[[ INFORMATION SHOWN open ]]

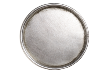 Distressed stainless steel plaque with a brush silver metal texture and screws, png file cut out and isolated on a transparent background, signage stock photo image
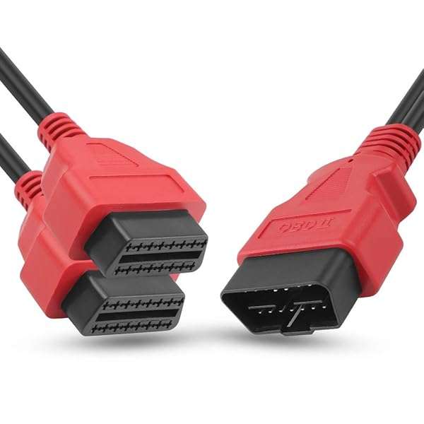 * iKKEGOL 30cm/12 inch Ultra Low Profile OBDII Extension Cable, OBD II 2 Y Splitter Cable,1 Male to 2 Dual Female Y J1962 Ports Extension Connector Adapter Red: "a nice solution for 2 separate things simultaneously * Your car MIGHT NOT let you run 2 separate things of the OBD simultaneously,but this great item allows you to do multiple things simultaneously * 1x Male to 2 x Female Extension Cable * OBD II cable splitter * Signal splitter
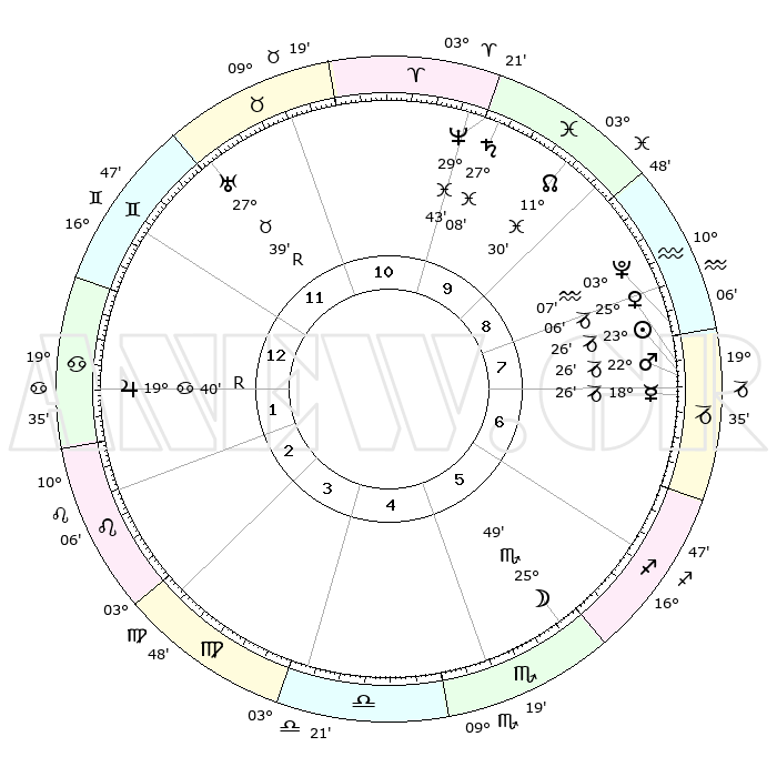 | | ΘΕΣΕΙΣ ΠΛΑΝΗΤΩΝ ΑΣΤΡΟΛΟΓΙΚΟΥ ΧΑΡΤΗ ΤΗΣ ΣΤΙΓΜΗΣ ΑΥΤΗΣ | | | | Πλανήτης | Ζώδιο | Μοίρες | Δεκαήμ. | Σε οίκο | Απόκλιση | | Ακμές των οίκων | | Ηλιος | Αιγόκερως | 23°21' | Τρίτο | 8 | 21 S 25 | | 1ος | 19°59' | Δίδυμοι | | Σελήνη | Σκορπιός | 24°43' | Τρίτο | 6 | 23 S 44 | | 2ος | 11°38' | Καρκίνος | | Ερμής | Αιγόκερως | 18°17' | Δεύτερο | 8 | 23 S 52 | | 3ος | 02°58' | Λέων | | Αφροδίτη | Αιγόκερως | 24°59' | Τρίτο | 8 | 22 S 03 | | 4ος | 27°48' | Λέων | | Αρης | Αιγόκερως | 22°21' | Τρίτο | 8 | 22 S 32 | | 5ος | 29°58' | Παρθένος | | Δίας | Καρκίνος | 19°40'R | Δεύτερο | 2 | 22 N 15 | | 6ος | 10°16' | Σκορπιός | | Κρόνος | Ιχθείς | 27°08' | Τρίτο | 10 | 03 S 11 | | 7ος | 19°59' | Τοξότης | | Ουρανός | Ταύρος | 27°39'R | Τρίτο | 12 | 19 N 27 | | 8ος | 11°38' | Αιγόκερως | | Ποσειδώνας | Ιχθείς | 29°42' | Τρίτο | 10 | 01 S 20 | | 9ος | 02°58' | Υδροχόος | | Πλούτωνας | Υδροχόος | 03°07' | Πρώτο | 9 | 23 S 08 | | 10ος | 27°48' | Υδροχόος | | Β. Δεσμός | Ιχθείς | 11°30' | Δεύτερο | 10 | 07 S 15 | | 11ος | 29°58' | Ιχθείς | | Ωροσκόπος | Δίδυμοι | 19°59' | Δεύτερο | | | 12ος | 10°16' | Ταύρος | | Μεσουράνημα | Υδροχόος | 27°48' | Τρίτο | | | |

[[ INFORMATION SHOWN closed ]]

**EXERCISE REQUIREMENTS**
Every line of the material must be returned verbatim, and pictures must be left behind.

**OUTPUT FOR THIS EXERCISE**
 Distressed stainless steel plaque with a brush silver metal texture and screws, png file cut out and isolated on a transparent background, signage stock photo image
 * iKKEGOL 30cm/12 inch Ultra Low Profile OBDII Extension Cable, OBD II 2 Y Splitter Cable,1 Male to 2 Dual Female Y J1962 Ports Extension Connector Adapter Red: "a nice solution for 2 separate things simultaneously * Your car MIGHT NOT let you run 2 separate things of the OBD simultaneously,but this great item allows you to do multiple things simultaneously * 1x Male to 2 x Female Extension Cable * OBD II cable splitter * Signal splitter
 | | ΘΕΣΕΙΣ ΠΛΑΝΗΤΩΝ ΑΣΤΡΟΛΟΓΙΚΟΥ ΧΑΡΤΗ ΤΗΣ ΣΤΙΓΜΗΣ ΑΥΤΗΣ | | | | Πλανήτης | Ζώδιο | Μοίρες | Δεκαήμ. | Σε οίκο | Απόκλιση | | Ακμές των οίκων | | Ηλιος | Αιγόκερως | 23°21' | Τρίτο | 8 | 21 S 25 | | 1ος | 19°59' | Δίδυμοι | | Σελήνη | Σκορπιός | 24°43' | Τρίτο | 6 | 23 S 44 | | 2ος | 11°38' | Καρκίνος | | Ερμής | Αιγόκερως | 18°17' | Δεύτερο | 8 | 23 S 52 | | 3ος | 02°58' | Λέων | | Αφροδίτη | Αιγόκερως | 24°59' | Τρίτο | 8 | 22 S 03 | | 4ος | 27°48' | Λέων | | Αρης | Αιγόκερως | 22°21' | Τρίτο | 8 | 22 S 32 | | 5ος | 29°58' | Παρθένος | | Δίας | Καρκίνος | 19°40'R | Δεύτερο | 2 | 22 N 15 | | 6ος | 10°16' | Σκορπιός | | Κρόνος | Ιχθείς | 27°08' | Τρίτο | 10 | 03 S 11 | | 7ος | 19°59' | Τοξότης | | Ουρανός | Ταύρος | 27°39'R | Τρίτο | 12 | 19 N 27 | | 8ος | 11°38' | Αιγόκερως | | Ποσειδώνας | Ιχθείς | 29°42' | Τρίτο | 10 | 01 S 20 | | 9ος | 02°58' | Υδροχόος | | Πλούτωνας | Υδροχόος | 03°07' | Πρώτο | 9 | 23 S 08 | | 10ος | 27°48' | Υδροχόος | | Β. Δεσμός | Ιχθείς | 11°30' | Δεύτερο | 10 | 07 S 15 | | 11ος | 29°58' | Ιχθείς | | Ωροσκόπος | Δίδυμοι | 19°59' | Δεύτερο | | | 12ος | 10°16' | Ταύρος | | Μεσουράνημα | Υδροχόος | 27°48' | Τρίτο | | | |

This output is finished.